Volunteers will be deliberately infected with Covid-19 in human vaccine studies in London | London


To London Covid A vaccine study that will deliberately inject participants with the virus is set to receive £ 33.6million in funding from the government.

Studies in partnership with Imperial College London, hVIVO and the Royal Free London NHS Foundation Trust initially seek to find the smallest amount of virus needed to cause Covid-19 infection in small groups of healthy young people , which present the lowest risk of harm.

They will be carried out under strict conditions at the Royal Free Hospital in London and will feature healthy young adults, carefully selected by researchers, who will be paid for their involvement.

After the initial study, the volunteers will be followed for one year.

Peter Openshaw, from Imperial College London, said the first part of the trial will involve exposing people to the virus to establish the lowest possible safe dose.

“As a first step, until May of next year, we plan to increase the dose and determine the exact safety.

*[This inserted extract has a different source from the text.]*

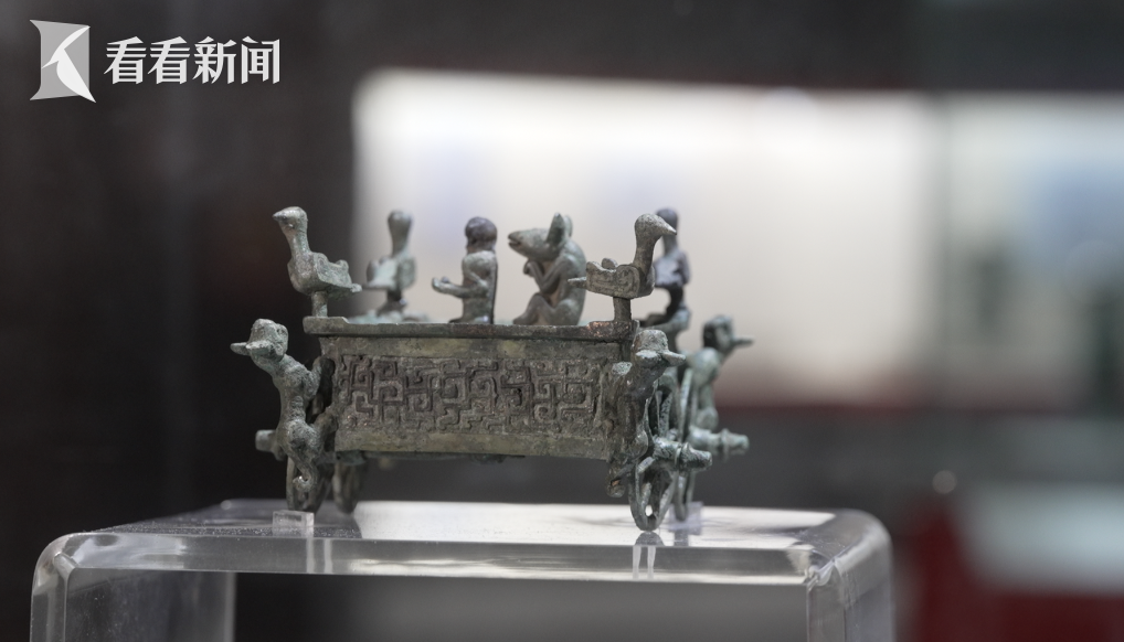 蟠虺纹车型器由盒体和轮轴两部分组成,也被称为“四轮方盒”。盒体遍布蟠虺纹,盒盖上端坐着一人一熊,四边各有一只向上攀援的虎,盒盖四角立着四只凤鸟,像一座移动的“动物园”。凤鸟暗藏机关,旋转至不同的方位即可上锁或打开。

“Once that’s done, we’ll be ready to test the vaccines face to face and compare different vaccines,” he said.

Professor Openshaw, who is a co-investigator on the project which will see humans exposed to Covid-19 in controlled environments, told BBC Radio 4’s Today program that volunteers would be infected through their noses and then monitored “very carefully “.

“(These studies) are extremely informative because we can do very, very careful monitoring under controlled conditions,” he added.

“The purpose of these studies is not to make people sick, but to make the virus replicate in the nose.

“We think that by taking all the precautions we can really limit the infection and then we should be able to do it safely given the great experience we have in this area.”

The news comes after the government’s chief scientific adviser said it was “unlikely” that a coronavirus vaccine would completely stop the disease.

Sir Patrick Vallance said that only one disease – smallpox – had never been completely eradicated.

Giving evidence to the Commons and Lords Joint National Security Strategy Committee, he said that in the future, treatment for Covid-19 may look more like seasonal flu.

Sir Patrick said that over the next few months it will become clear whether there are vaccines that protect and for how long.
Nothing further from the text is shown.